→ WORK INSTRUCTIONS
Please give back, exactly as written, the lines from the line with "音しない 腕時計 受験設計のため、静かな試験会場でも安心して使用でき、集中力を維持できます。" to the line with "Bà Cao Thị Đông" in the listing below, leaving out all pictures.

→ LISTED RECORDS
--------------------------------------------------
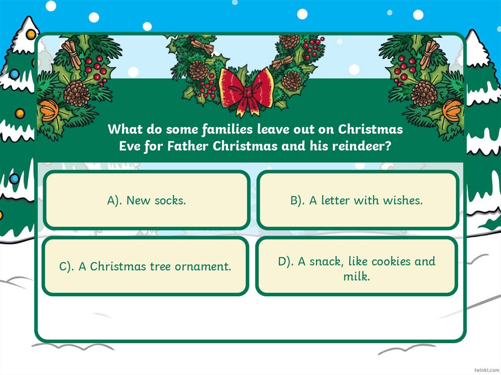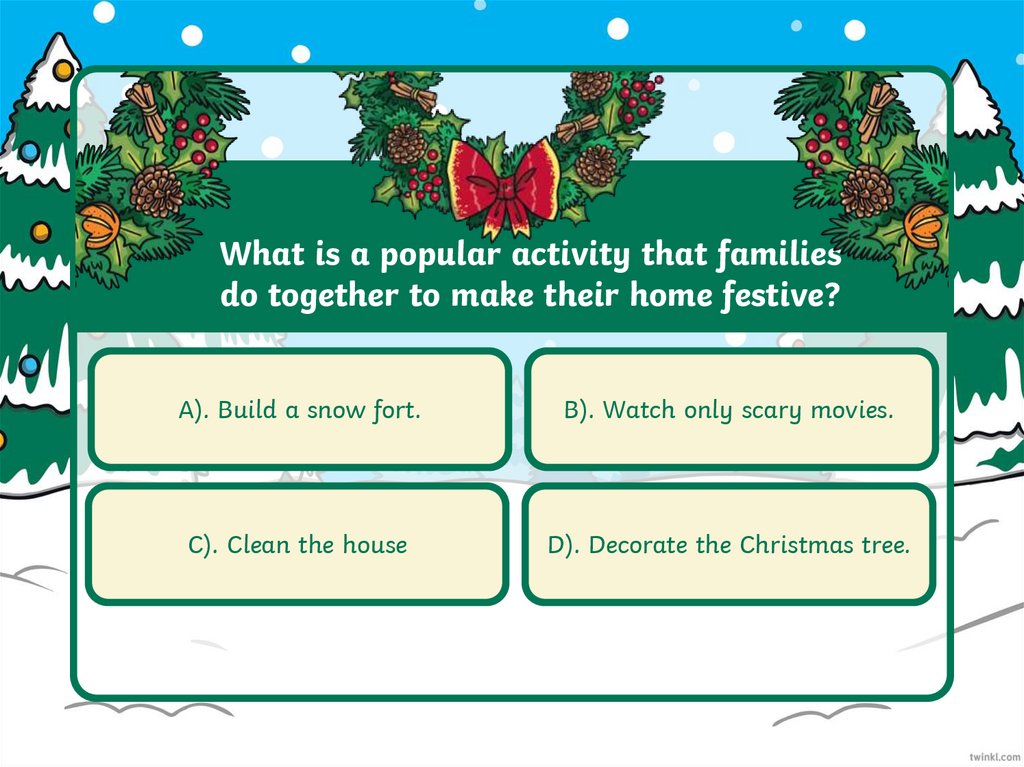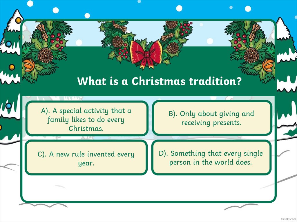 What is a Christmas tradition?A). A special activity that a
--------------------------------------------------
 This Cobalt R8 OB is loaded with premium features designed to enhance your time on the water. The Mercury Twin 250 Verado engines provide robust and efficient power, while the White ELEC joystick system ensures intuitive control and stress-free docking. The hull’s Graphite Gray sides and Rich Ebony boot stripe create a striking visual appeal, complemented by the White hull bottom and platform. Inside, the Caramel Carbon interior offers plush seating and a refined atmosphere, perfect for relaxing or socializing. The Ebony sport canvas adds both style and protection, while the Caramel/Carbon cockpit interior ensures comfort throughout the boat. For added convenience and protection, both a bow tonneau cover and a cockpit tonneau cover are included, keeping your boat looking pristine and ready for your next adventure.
--------------------------------------------------
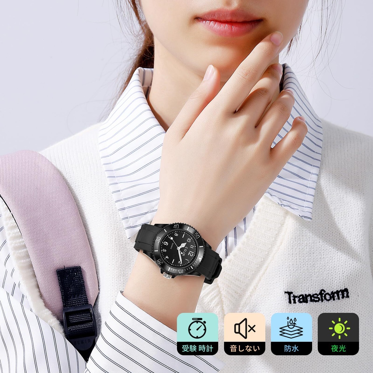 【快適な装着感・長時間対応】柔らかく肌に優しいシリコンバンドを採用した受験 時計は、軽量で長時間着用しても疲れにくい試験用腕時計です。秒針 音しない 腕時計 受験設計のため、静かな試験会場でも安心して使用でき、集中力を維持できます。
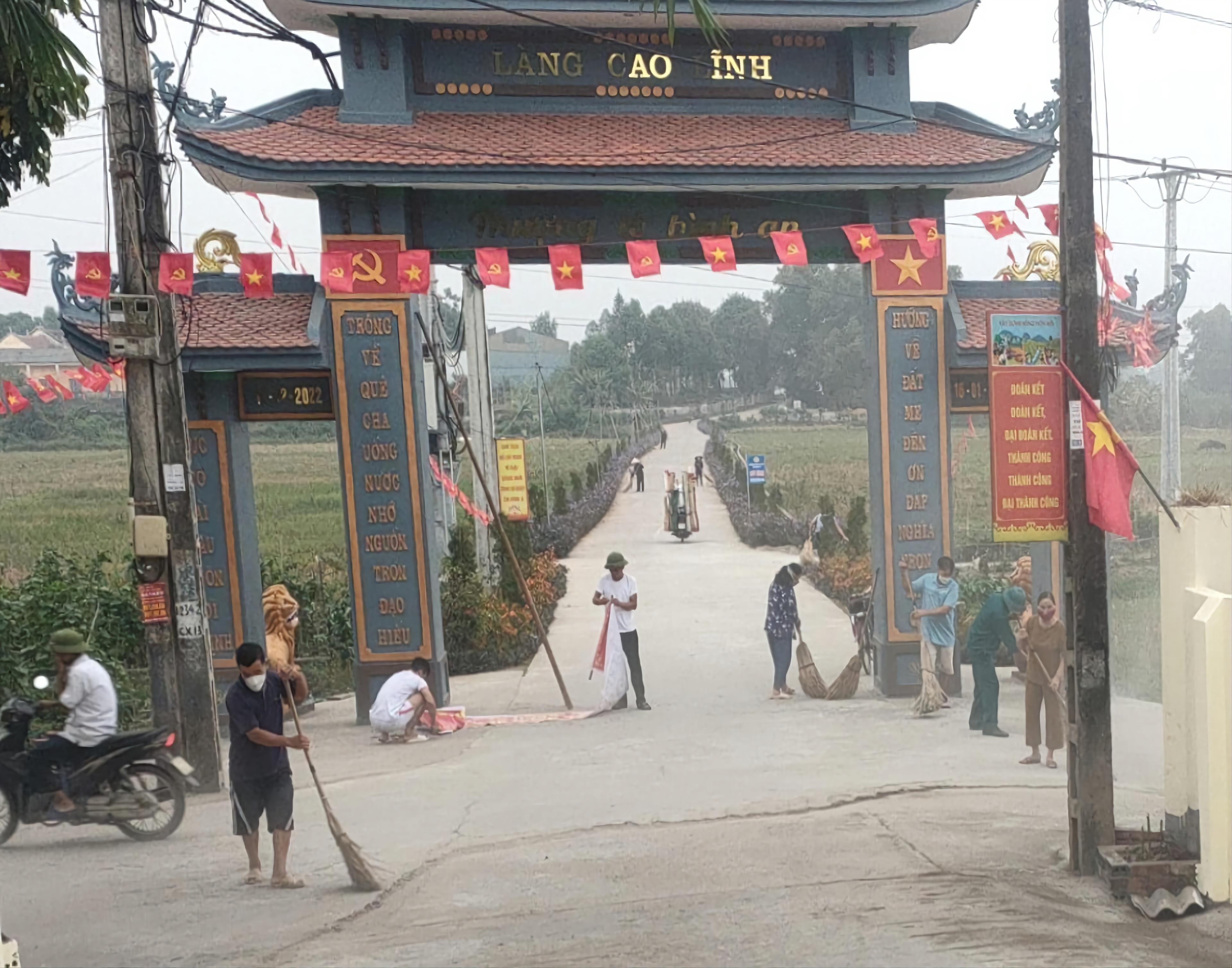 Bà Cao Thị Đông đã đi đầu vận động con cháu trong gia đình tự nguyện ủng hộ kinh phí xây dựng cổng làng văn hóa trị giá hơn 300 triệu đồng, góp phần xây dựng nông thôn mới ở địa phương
--------------------------------------------------
→ SOLUTION TO THIS EXERCISE
 【快適な装着感・長時間対応】柔らかく肌に優しいシリコンバンドを採用した受験 時計は、軽量で長時間着用しても疲れにくい試験用腕時計です。秒針 音しない 腕時計 受験設計のため、静かな試験会場でも安心して使用でき、集中力を維持できます。
 Bà Cao Thị Đông đã đi đầu vận động con cháu trong gia đình tự nguyện ủng hộ kinh phí xây dựng cổng làng văn hóa trị giá hơn 300 triệu đồng, góp phần xây dựng nông thôn mới ở địa phương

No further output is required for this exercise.